3. Repeat Exercise 1 and 2 for **random search** 5-fold cross validation across different values of `alpha`. Compute the `f1_macro` score on the test set.
* What value of `alpha` did you obtain?
* Did you get a better `f1_macro` score compared to grid search in Exercise 2?

In [4]:
best_grid_model = grid_search.best_estimator_
ypred_grid = best_grid_model.predict(Xtest)
report_grid = classification_report(ytest, ypred_grid, output_dict=True)
f1_macro_grid = report_grid['macro avg']['f1-score']

print("\n--- Results for Grid Search ---")
print("Best alpha (Grid Search):", grid_search.best_params_['nb__alpha'])
print("f1_macro score (Grid Search) on test set:", f1_macro_grid)

param_distributions = {
    'nb__alpha': uniform(loc=0.01, scale=10.0)
}

random_search = RandomizedSearchCV(pipeline, param_distributions, n_iter=100, cv=5, verbose=1, n_jobs=-1, random_state=42)
random_search.fit(Xtrain, ytrain)

print("\nBest parameters (Random Search):", random_search.best_params_)
print("Best cross-validation score (Random Search):", random_search.best_score_)

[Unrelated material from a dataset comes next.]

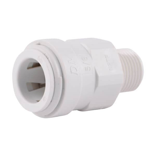 Push connect fittings male connector cts x male 3/8 inches x 1/2 Works with copper, CPVC, PEX, LPDE, MPDE, HDPE and polybutylene tubing in hot and cold water applications. Incorporates stainless steel gripping teeth in the collets, allowing the connectors to interconnect with multiple materials without special tools or tube inserts. Exclusive O-ring guide insures zero-leak connections. Tube orientation can be changed by a simple twist, reducing the amount of tubing required to plumb a water system. Reusable, approved for use behind walls and underground.200psi at 73 degree F or 100psi at 160 degrees F

best_random_model = random_search.best_estimator_
ypred_random = best_random_model.predict(Xtest)
report_random = classification_report(ytest, ypred_random, output_dict=True)
f1_macro_random = report_random['macro avg']['f1-score']

print("\n--- Results for Random Search ---")
print("Best alpha (Random Search):", random_search.best_params_['nb__alpha'])
print("f1_macro score (Random Search) on test set:", f1_macro_random)

print("\n--- Comparison ---")
if f1_macro_random > f1_macro_grid:
    print("Random Search yielded a better f1_macro score.")
elif f1_macro_random < f1_macro_grid:
    print("Grid Search yielded a better f1_macro score.")
else:
    print("Both Grid Search and Random Search yielded the same f1_macro score.")



--- Results for Grid Search ---
Best alpha (Grid Search): 0.01
f1_macro score (Grid Search) on test set: 0.7725871193182322
Fitting 5 folds for each of 100 candidates, totalling 500 fits

Best parameters (Random Search): {'nb__alpha': np.float64(0.06522117123602399)}
Best cross-validation score (Random Search): 0.8223333333333335

--- Results for Random Search ---
Best alpha (Random Search): 0.06522117123602399
f1_macro score (Random Search) on test set: 0.7316444156628901

--- Comparison ---
Grid Search yielded a better f1_macro score.